S’accompagnant tantôt d’objets anciens, tantôt de musique, de chants ou même de danse, les conteurs proposent d’abord un voyage dans l’imaginaire. Avec peu d’accessoires et sans décors, ils arrivent souvent à créer un univers entier. D’après Pascal Guéran, les contes sont de petits cadeaux qui permettent aux spectateurs de repartir avec des images plein la tête.

Le festival offre cette année des activités sous différentes formes: les soirées Quoisse-tu contes!, l’heure du conte, la soirée d’antan autour des vieux mots acadiens, raconte-moi en musique, les morts ont des choses à dire, des ateliers et des excursions d’ornithologie. Une exposition de grandes photographies Y fait beau par icitte est en montre au parc de piste et pelouse. Ces images réalisées par des photographes amateurs de la région témoignent de leur vision des beautés de la Vallée de Memramcook.

Parmi les nouveautés, on propose une promenade chorégraphique en plein air inspirée des personnages mystérieux de Memramcook imaginés par Alexis Bourque et la compagnie Danse En l’Air. Il y aura aussi une rencontre virtuelle avec la peintre Georgette LeBlanc qui racontera comment son parcours d’artiste a été inspiré par la Vallée de Memramcook.

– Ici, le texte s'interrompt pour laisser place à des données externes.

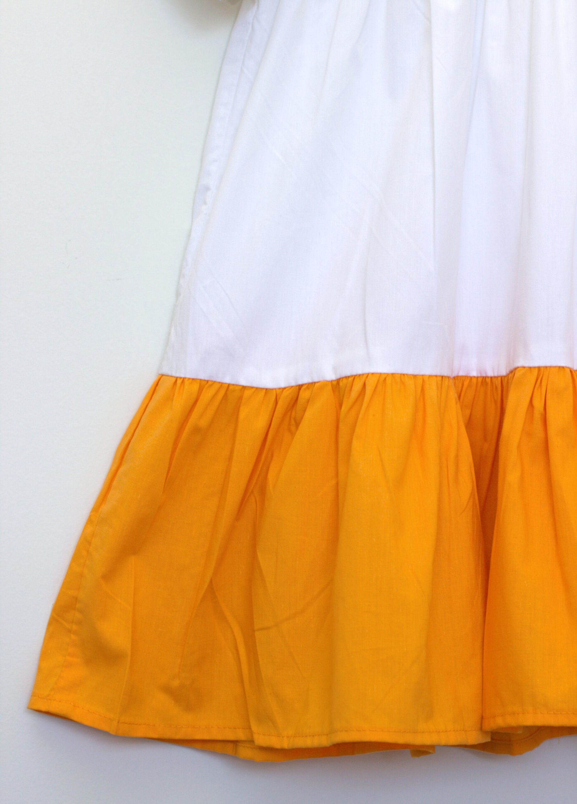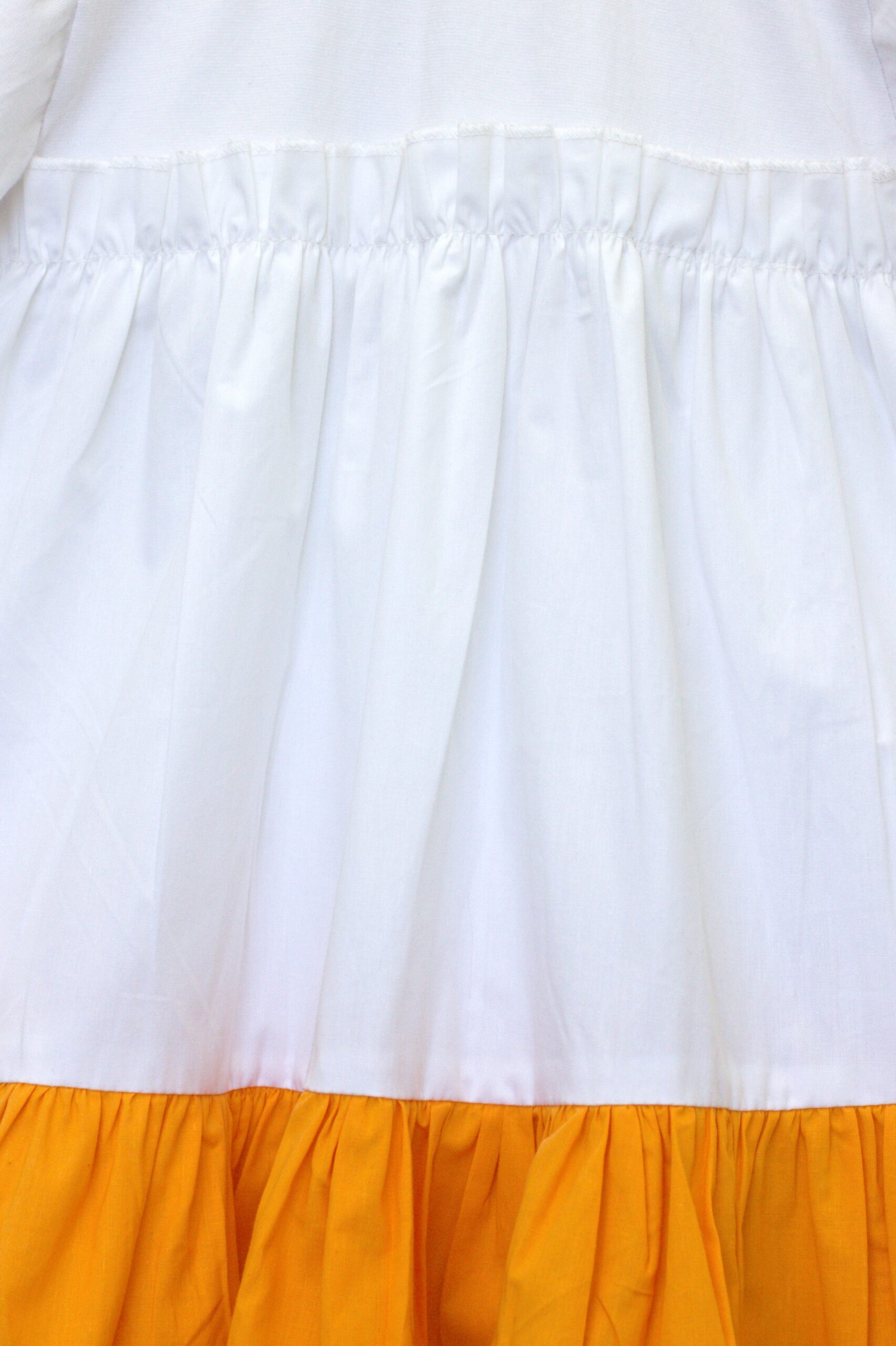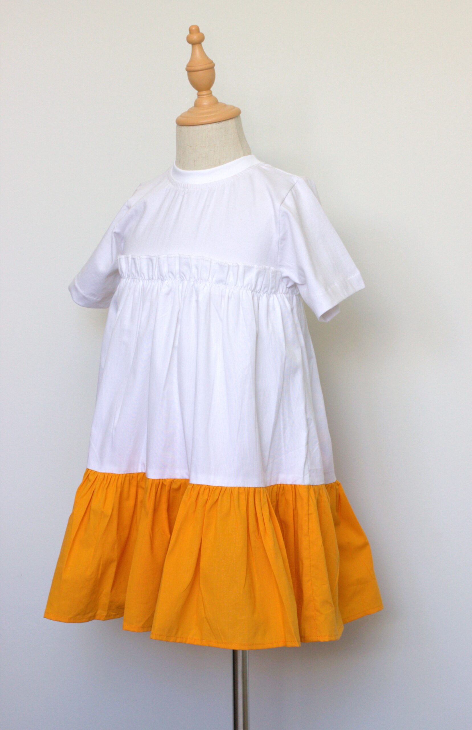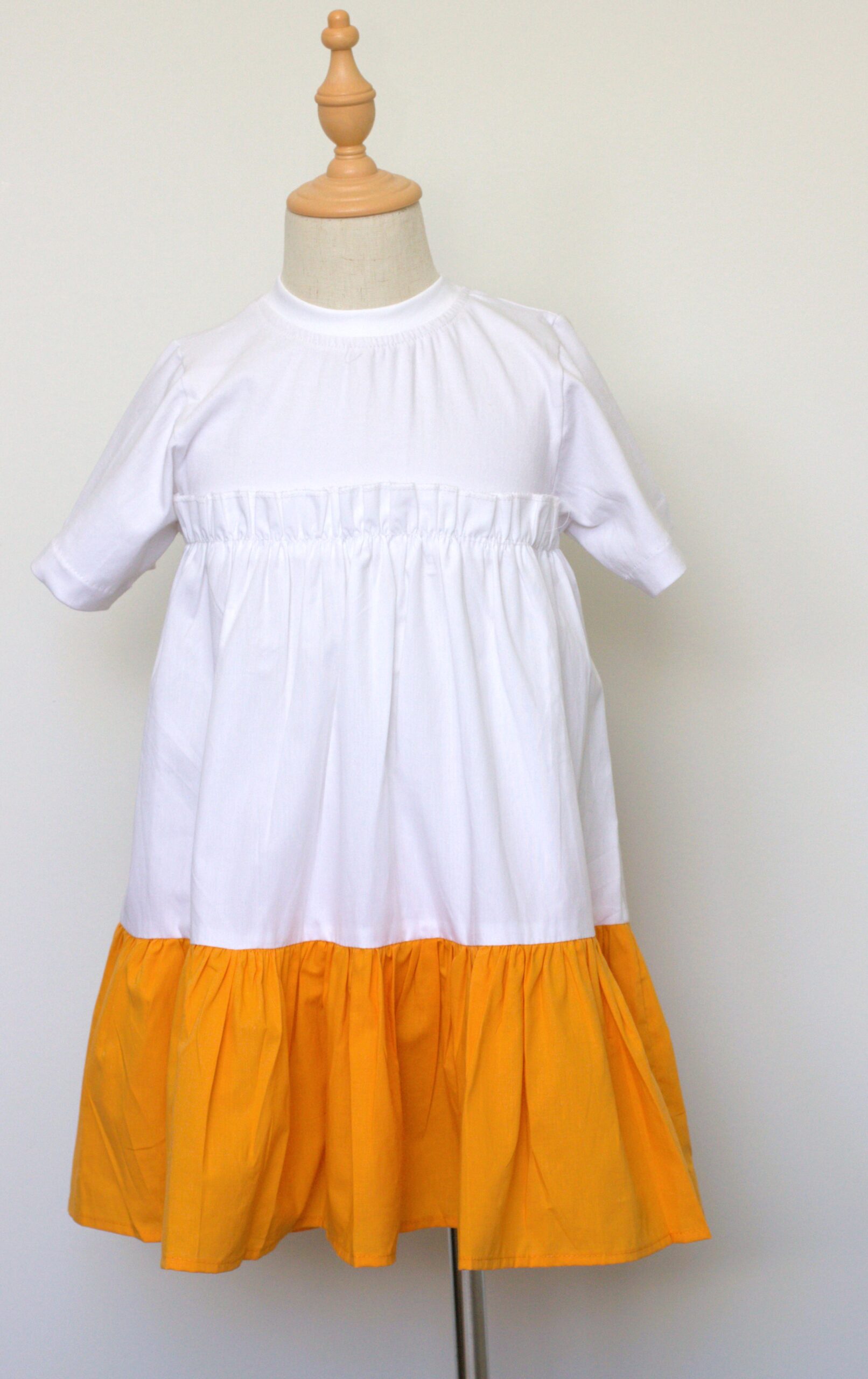 A soft and playful dress, perfect for everyday adventures. The top is crafted from skin-friendly Australian cotton jersey, while the skirt is made of 100% cotton with a cheerful mustard-yellow ruffle hem. Designed for comfort, movement, and effortless style.
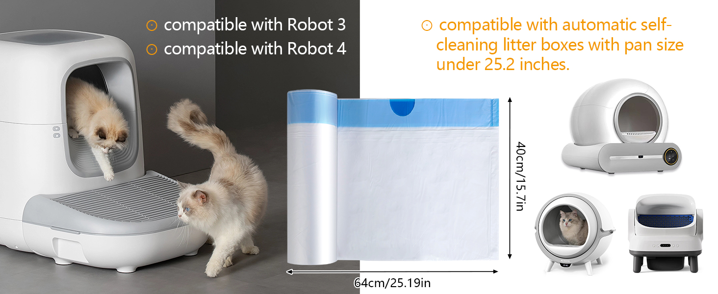 [توافق عالمي] متوافق مع Litter Robot 4 & 3، ومعظم صناديق القمامة ذاتية التنظيف بحجم وعاء أقل من 25.2 بوصة. مصمم للاستبدال بسهولة وملاءمة آمنة، مما يجعل من السهل الحفاظ على صندوق الفضلات نظيفًا.
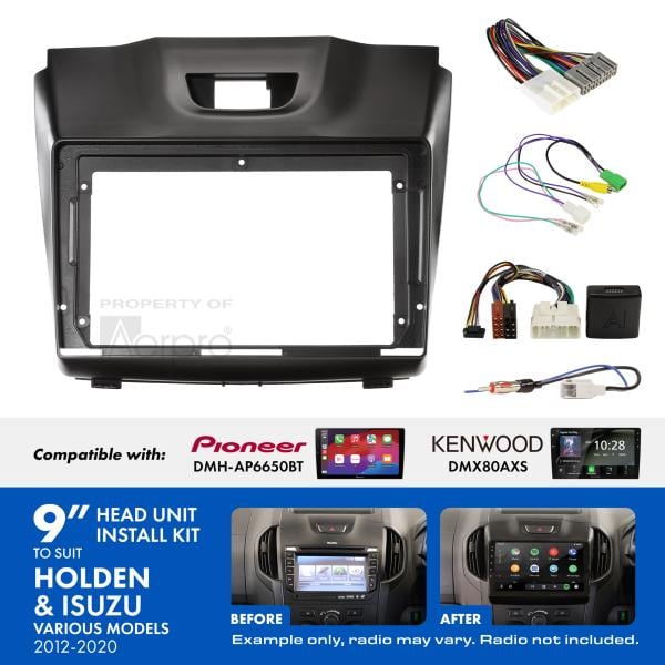 The Aerpro AKIZ1B 9" Installation Kit comes with all of the components required to install a 9" trapezoid shaped radio into your Holden Colorado (inc 7) 2012-2014, Isuzu D-Max 2012-2020 and Isuzu MU-X 2013-2017 vehicle whilst maintaining important vehicle features such as Steering Wheel Control functionality.
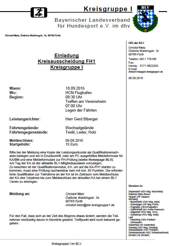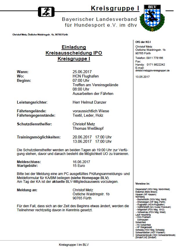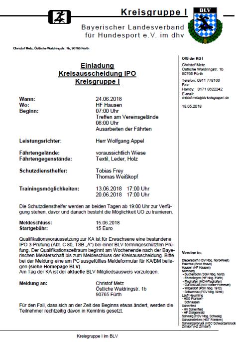 Leistungsrichter: Dietmar Seidlitz Prüfungsleiter: Dieter Brandt Meldung: Heike Ritthammer, Tel. 09122 / 887701

En raison de la pandémie, les responsables du festival ont dû revoir leur format et apporter quelques changements de dernière minute. Les activités sont diffusées en ligne sur la page Facebook de la Société culturelle de la Vallée de Memramcook. Il n’y a que la promenade chorégraphique et l’exposition de photographies qui se déroulent en personne, tout en respectant les consignes de la Santé publique. Le format virtuel a permis aux organisateurs d’inviter des auteurs de l’extérieur du pays, lui permettant ainsi d’avoir un rayonnement international. Paul Auffrey du Festival Parlures d’icitte et de la Société culturelle de la Vallée de Memramcook estime qu’il n’y a pas que des désavantages à tenir un événement virtuel, même si le contact direct avec le public de la région leur manque.

«C’est sûr qu’il y a des désavantages à être virtuel, mais il y aussi l’avantage de pouvoir aller chercher un plus grand public de partout.»

Près de 15 artistes et conteurs participent au festival cette année. L’auteur-compositeur-interprète Martin Bourque qui entretient des liens très forts avec la Vallée de Memramcook, a composé une chanson qui fait l’éloge de la région. Cette chanson est disponible sur la chaîne YouTube.